Background

Adult and pediatric disorders of the urethra including hypospadias, trauma, and stricture require substituted urethroplasty to preserve the function of the urinary tract. Reconstruction of the anterior urethra is one of the most challenging problems in urology [1].

Autologous tissues have advantages of excellent biological compatibility as well as rapid and effective neovascularization. Oral mucosa and penile skin flap are preferred substituted materials for urethral reconstruction [2, 3]. Onlay urethroplasty and multi-stage repair are commonly used techniques [4]. In some cases, these methods have problems including stricture recurrence, fistula formation and inadequate donor material. Harvesting oral mucosa is associated with donor site morbidity, such as submucosal scarring, pain, numbness and injury to salivary ducts [5, 6]. These issues highlight a critical need for the development of alternative material and reconstructive strategies for anterior urethral repair.

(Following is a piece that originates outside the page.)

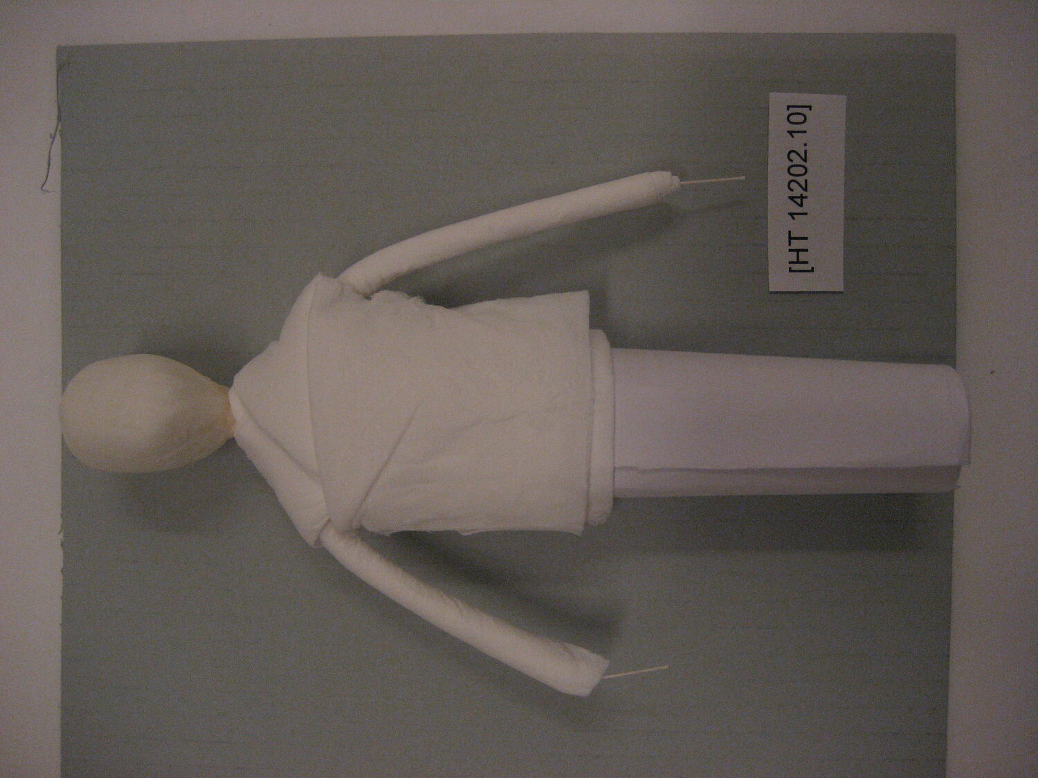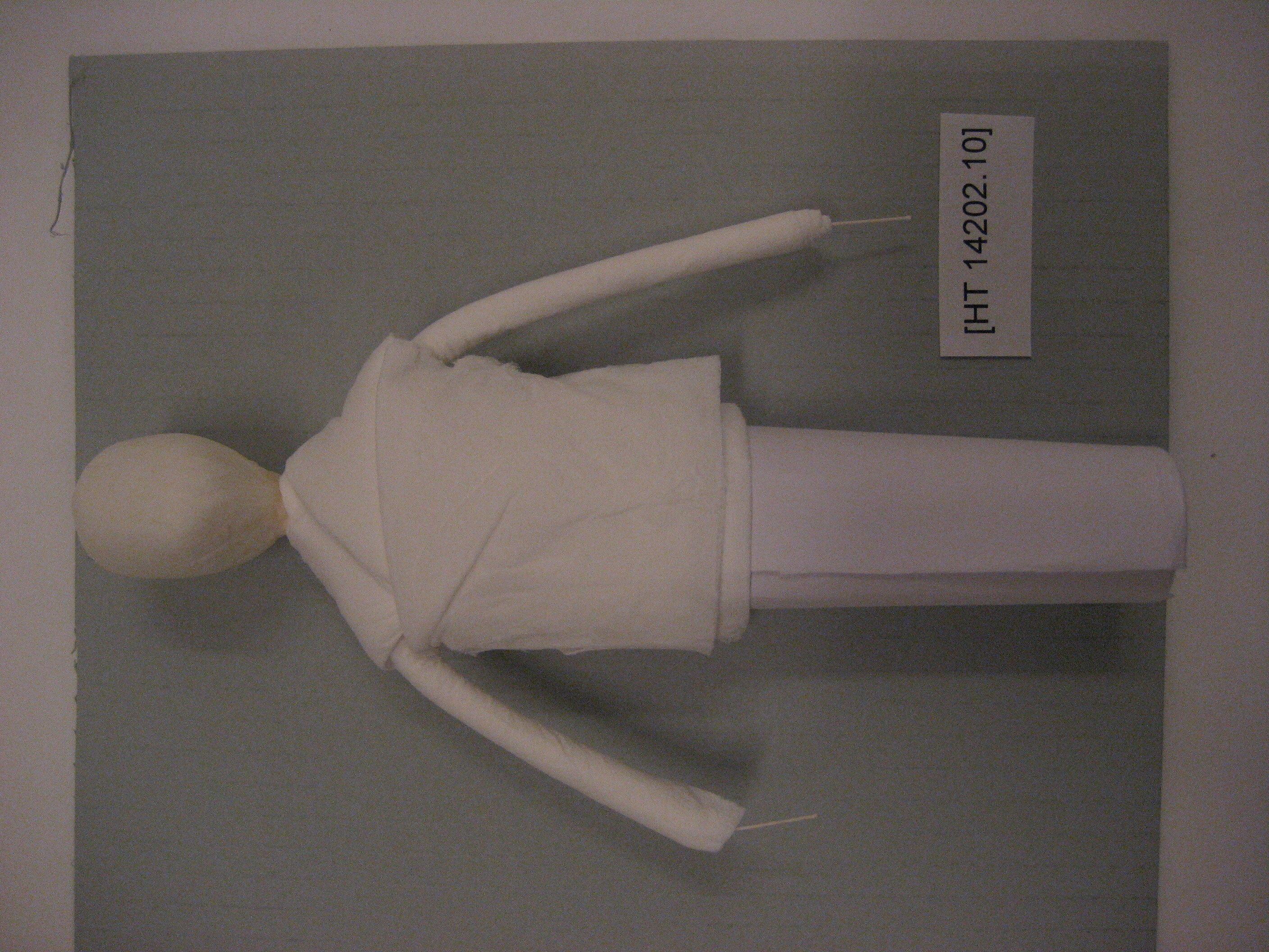 Japanese Shimotsuke paper doll in a series of 15 production steps. This is part 10 in the process. It was created by Masumi Hiraga Jackson in 2007 to demonstrate and document the process, step by step, of making a Shimotsuke doll.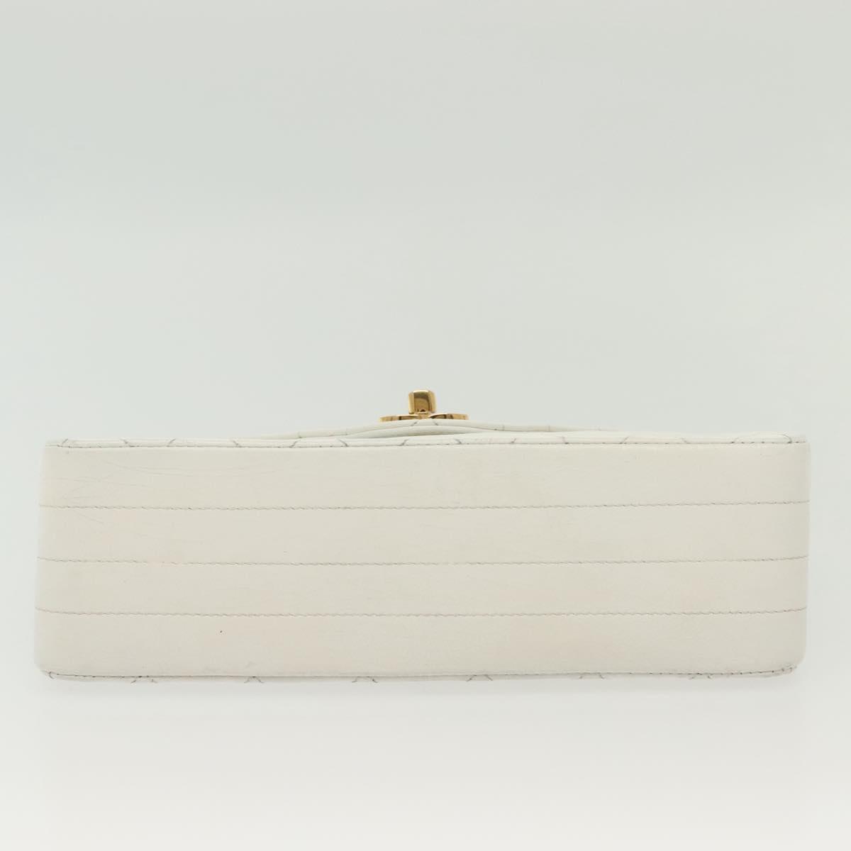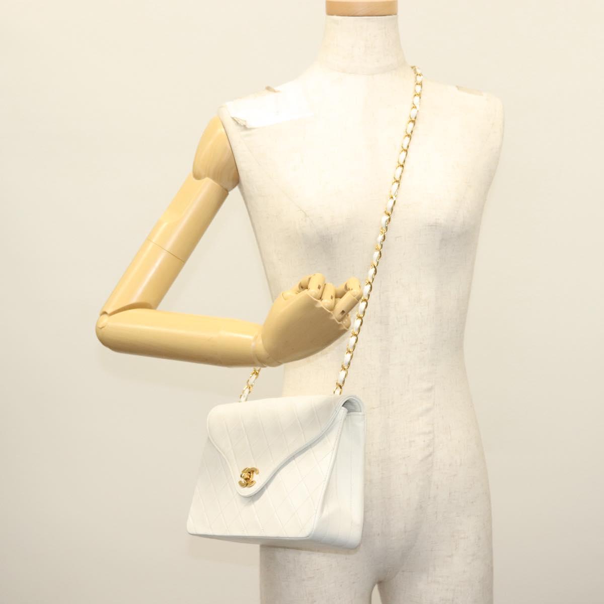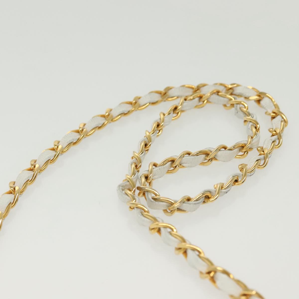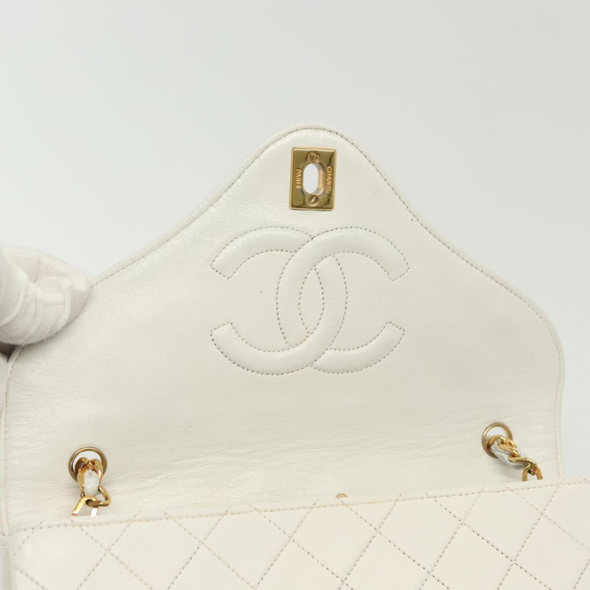 CHANEL Matelasse Chain Shoulder Bag Lamb Skin White Gold CC Auth bs28860

The saphenous vein is commonly used as vascular substitute material. It is easily harvested, and its associated wound complications were not dramatic, including chronic pain, numbnes and paresthesia/dysesthesia [7]. We previously performed urethroplasty in a rabbit model using everted SVG as an onlay graft and gained encouraging results [8]. The inner wall of blood vessels consist of vascular endothelium. We hypothesized that everting vein graft makes the outside vascular endothelium cling to periurethral tissue. In turn, the endothelium quickly attracts blood supply from the surrounding periurethral tissues including dartos. Here, we compare differences in neovascularization between everted SVG and non-everted SVG.

In addition, saphenous vein has a similar caliber as the urethra in humans. Even though tubularized grafts have not shown to be a preferential form of substitution, it avoids multi-stage surgery of ventral and dorsal onlay urethroplasty. Whether everted SVG can be used for tubularized urethraplasty remains unkown. Thus, we performed anterior urethral reconstruction in a beagle model using everted SVG in the tubular form.

Methods

Urethroplasty using everted SVG

This experimental animal protocol was approved by the Animal Experimentation Ethics Committee of Wannan Medical College in accordance with the Guide for the Care and Use of Laboratory Animals. Twelve male beagle dogs (Animal Research Center of Wannan Medical College. Wuhu, China) weighing 8–10 kg were randomly divided into three groups: experimental group (n = 5), control group (n = 5) and normal group (n = 2).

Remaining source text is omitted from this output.